What the task asks>
Leave every picture out and return the rest of the listing verbatim.

Data excerpt>

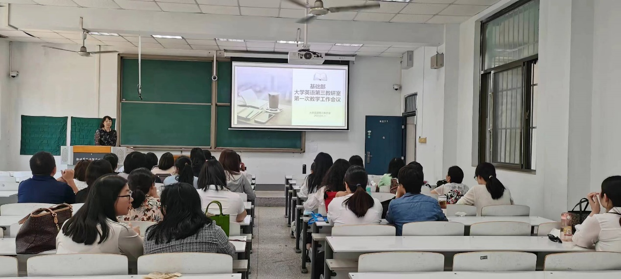 2023年8月31日上午,基础部大学英语第三教研室在综合楼221教室召开了本学期第一次教学工作会议。教研室主任宋玮副教授主持会议,第三教研室全体教师参加了会议。
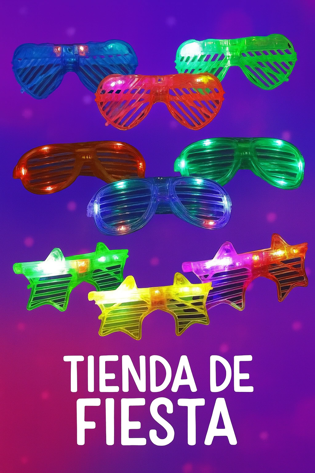 Estos lentes únicos vienen en colores y formas surtidos, perfectos para darle un toque especial a tus eventos. Con un botón de encendido y apagado, su uso es extremadamente práctico y cómodo.
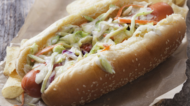 Coleslaw may be an unexpected topping, sure, but all the things that make it great on its own — the creaminess, the crunch, the flavor — make it a refreshing and tasty contrast to the meat. West Virginia-style slaw dogs already make use of the tangy side — it's dolloped on top of a chili dog. Once you try creamy coleslaw as a topping, you'll find that it adds a refreshing element that cuts through the fat and provides a crunchy texture that contrasts well with the softness of the bun. The vinegar in the coleslaw also adds a punch that works with the savory flavor of the hot dog.

Solution for this problem>
 2023年8月31日上午,基础部大学英语第三教研室在综合楼221教室召开了本学期第一次教学工作会议。教研室主任宋玮副教授主持会议,第三教研室全体教师参加了会议。
 Estos lentes únicos vienen en colores y formas surtidos, perfectos para darle un toque especial a tus eventos. Con un botón de encendido y apagado, su uso es extremadamente práctico y cómodo.
 Coleslaw may be an unexpected topping, sure, but all the things that make it great on its own — the creaminess, the crunch, the flavor — make it a refreshing and tasty contrast to the meat. West Virginia-style slaw dogs already make use of the tangy side — it's dolloped on top of a chili dog. Once you try creamy coleslaw as a topping, you'll find that it adds a refreshing element that cuts through the fat and provides a crunchy texture that contrasts well with the softness of the bun. The vinegar in the coleslaw also adds a punch that works with the savory flavor of the hot dog.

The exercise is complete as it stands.